** Exercise aim **
Nothing beyond the line containing "商品名称:麒豆豆 2023新款高克重加厚保暖牛奶绒眷恋系列单床裙 眷恋-少女粉" is to be printed; print exactly each line from the start of the records below through that line, leaving out pictures.

Start of Block

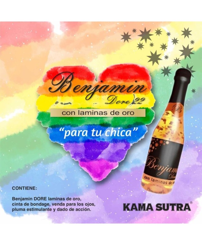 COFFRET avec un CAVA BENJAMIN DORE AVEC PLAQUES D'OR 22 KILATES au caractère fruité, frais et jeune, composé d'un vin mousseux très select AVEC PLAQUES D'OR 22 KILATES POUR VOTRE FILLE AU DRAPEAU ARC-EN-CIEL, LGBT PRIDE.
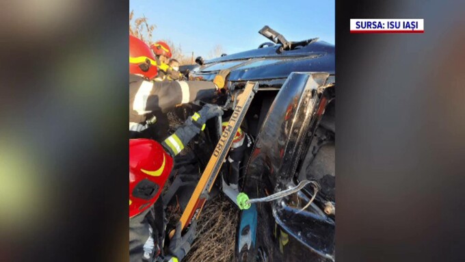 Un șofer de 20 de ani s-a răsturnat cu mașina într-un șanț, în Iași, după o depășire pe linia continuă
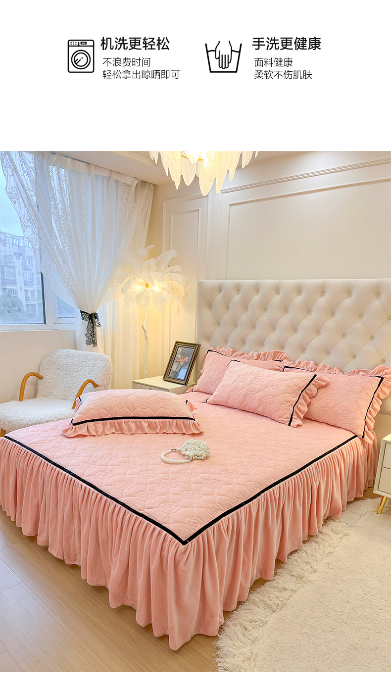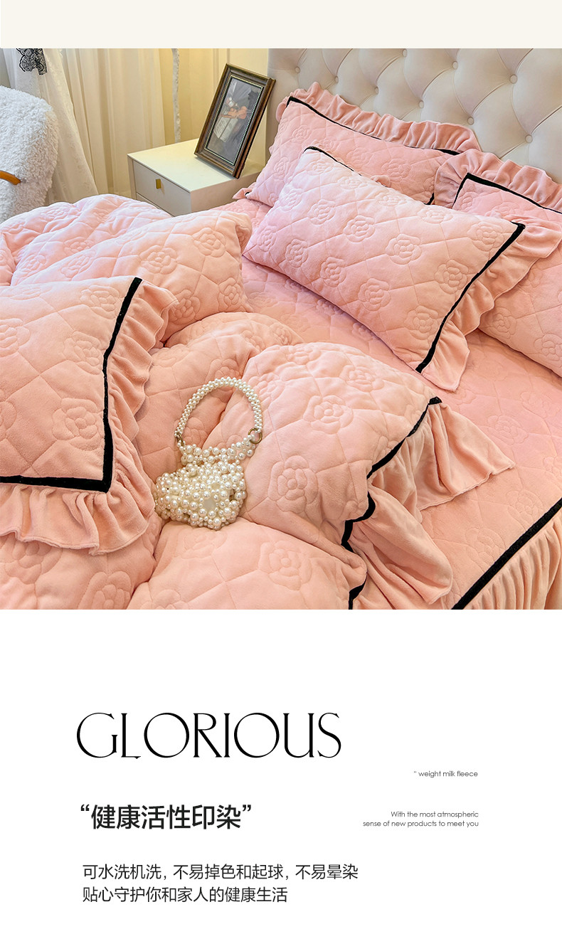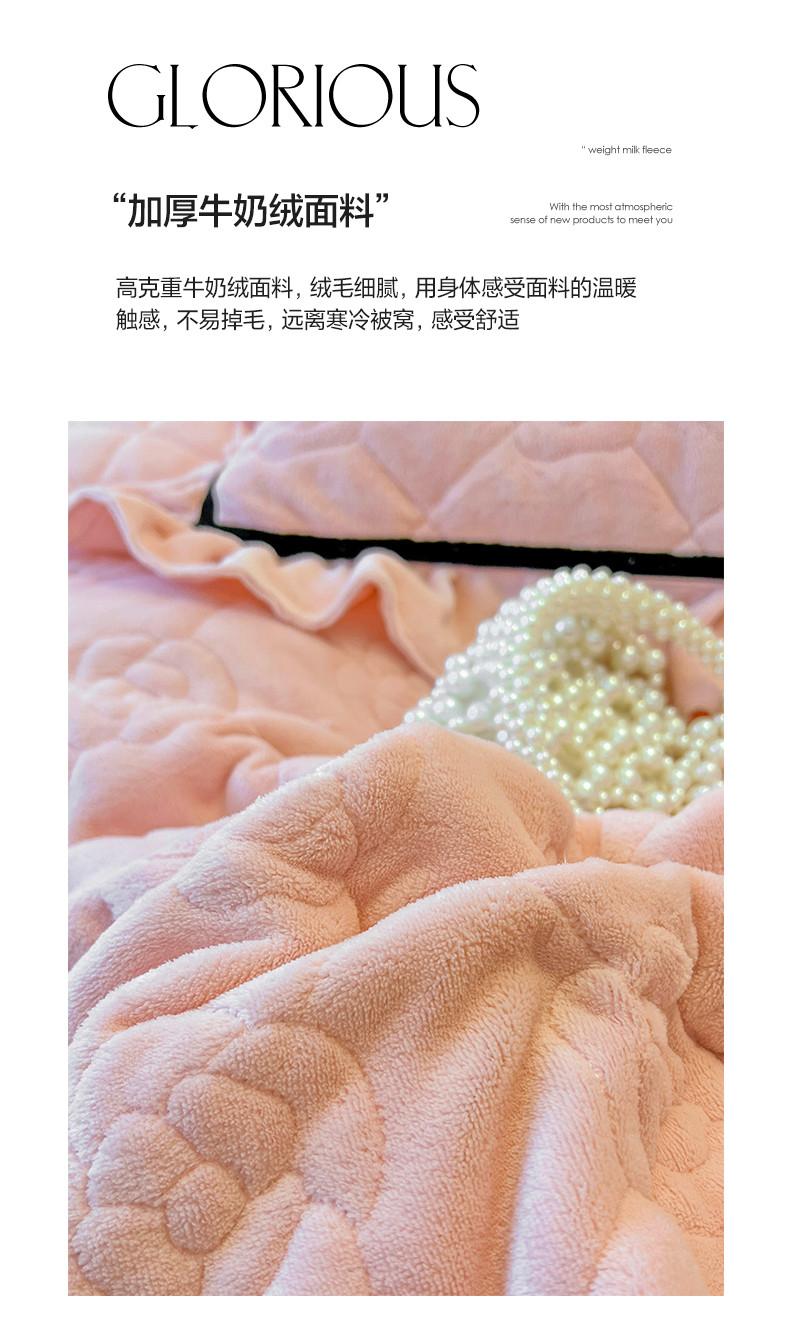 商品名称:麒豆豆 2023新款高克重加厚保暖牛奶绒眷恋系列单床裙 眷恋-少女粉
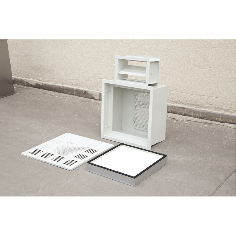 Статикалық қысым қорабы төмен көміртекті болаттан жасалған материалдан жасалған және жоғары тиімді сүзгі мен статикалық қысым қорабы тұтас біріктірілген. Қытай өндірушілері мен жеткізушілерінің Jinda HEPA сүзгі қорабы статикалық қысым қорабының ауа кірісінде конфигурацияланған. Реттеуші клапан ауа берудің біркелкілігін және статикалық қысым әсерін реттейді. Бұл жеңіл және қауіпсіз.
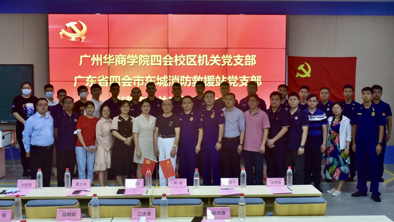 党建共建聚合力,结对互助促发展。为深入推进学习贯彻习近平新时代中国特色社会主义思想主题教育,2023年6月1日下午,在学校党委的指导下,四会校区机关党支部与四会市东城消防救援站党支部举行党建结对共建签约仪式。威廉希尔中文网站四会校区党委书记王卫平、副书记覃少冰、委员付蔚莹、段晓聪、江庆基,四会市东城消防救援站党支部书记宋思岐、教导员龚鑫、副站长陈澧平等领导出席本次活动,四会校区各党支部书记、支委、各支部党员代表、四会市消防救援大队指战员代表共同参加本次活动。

End of Block

** Answer space **
 COFFRET avec un CAVA BENJAMIN DORE AVEC PLAQUES D'OR 22 KILATES au caractère fruité, frais et jeune, composé d'un vin mousseux très select AVEC PLAQUES D'OR 22 KILATES POUR VOTRE FILLE AU DRAPEAU ARC-EN-CIEL, LGBT PRIDE.
 Un șofer de 20 de ani s-a răsturnat cu mașina într-un șanț, în Iași, după o depășire pe linia continuă
 商品名称:麒豆豆 2023新款高克重加厚保暖牛奶绒眷恋系列单床裙 眷恋-少女粉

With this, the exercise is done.